> [Task goal]
Copy nothing but the text: reproduce each line of the listing exactly and leave the pictures out.

> [Collected data]
-- Opening Marker --
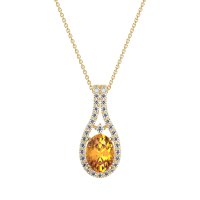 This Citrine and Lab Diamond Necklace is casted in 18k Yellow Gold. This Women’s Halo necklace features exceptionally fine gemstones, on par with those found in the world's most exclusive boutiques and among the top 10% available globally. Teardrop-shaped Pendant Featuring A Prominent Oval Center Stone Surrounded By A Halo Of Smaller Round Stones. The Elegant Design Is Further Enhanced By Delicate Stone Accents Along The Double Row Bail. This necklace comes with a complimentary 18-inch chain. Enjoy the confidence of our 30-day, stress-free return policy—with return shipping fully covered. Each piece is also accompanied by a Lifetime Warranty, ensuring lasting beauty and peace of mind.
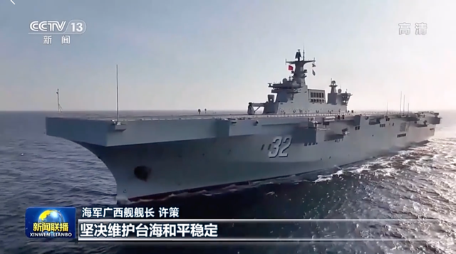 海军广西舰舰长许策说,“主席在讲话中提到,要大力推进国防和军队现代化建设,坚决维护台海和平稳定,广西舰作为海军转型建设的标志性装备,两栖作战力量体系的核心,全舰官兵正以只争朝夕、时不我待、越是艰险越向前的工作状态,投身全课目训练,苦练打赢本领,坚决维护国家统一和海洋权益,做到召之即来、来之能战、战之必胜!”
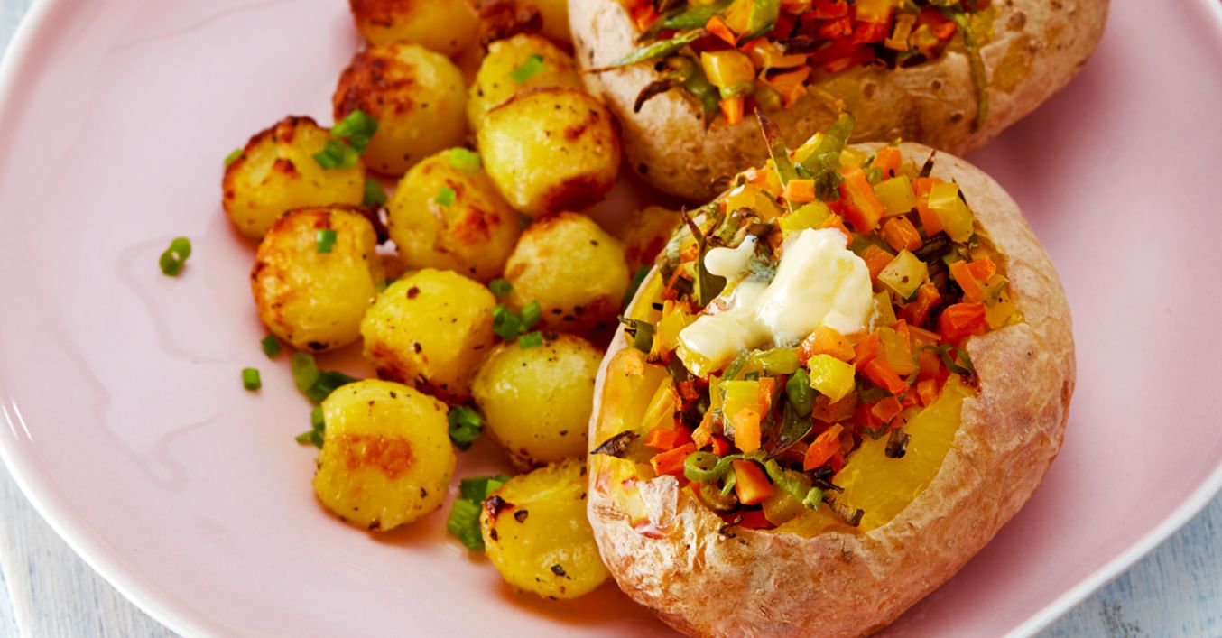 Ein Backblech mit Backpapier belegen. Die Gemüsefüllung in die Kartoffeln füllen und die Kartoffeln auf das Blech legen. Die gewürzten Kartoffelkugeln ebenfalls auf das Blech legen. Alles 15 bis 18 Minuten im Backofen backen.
-- Closing Marker --
> [Solution]
 This Citrine and Lab Diamond Necklace is casted in 18k Yellow Gold. This Women’s Halo necklace features exceptionally fine gemstones, on par with those found in the world's most exclusive boutiques and among the top 10% available globally. Teardrop-shaped Pendant Featuring A Prominent Oval Center Stone Surrounded By A Halo Of Smaller Round Stones. The Elegant Design Is Further Enhanced By Delicate Stone Accents Along The Double Row Bail. This necklace comes with a complimentary 18-inch chain. Enjoy the confidence of our 30-day, stress-free return policy—with return shipping fully covered. Each piece is also accompanied by a Lifetime Warranty, ensuring lasting beauty and peace of mind.
 海军广西舰舰长许策说,“主席在讲话中提到,要大力推进国防和军队现代化建设,坚决维护台海和平稳定,广西舰作为海军转型建设的标志性装备,两栖作战力量体系的核心,全舰官兵正以只争朝夕、时不我待、越是艰险越向前的工作状态,投身全课目训练,苦练打赢本领,坚决维护国家统一和海洋权益,做到召之即来、来之能战、战之必胜!”
 Ein Backblech mit Backpapier belegen. Die Gemüsefüllung in die Kartoffeln füllen und die Kartoffeln auf das Blech legen. Die gewürzten Kartoffelkugeln ebenfalls auf das Blech legen. Alles 15 bis 18 Minuten im Backofen backen.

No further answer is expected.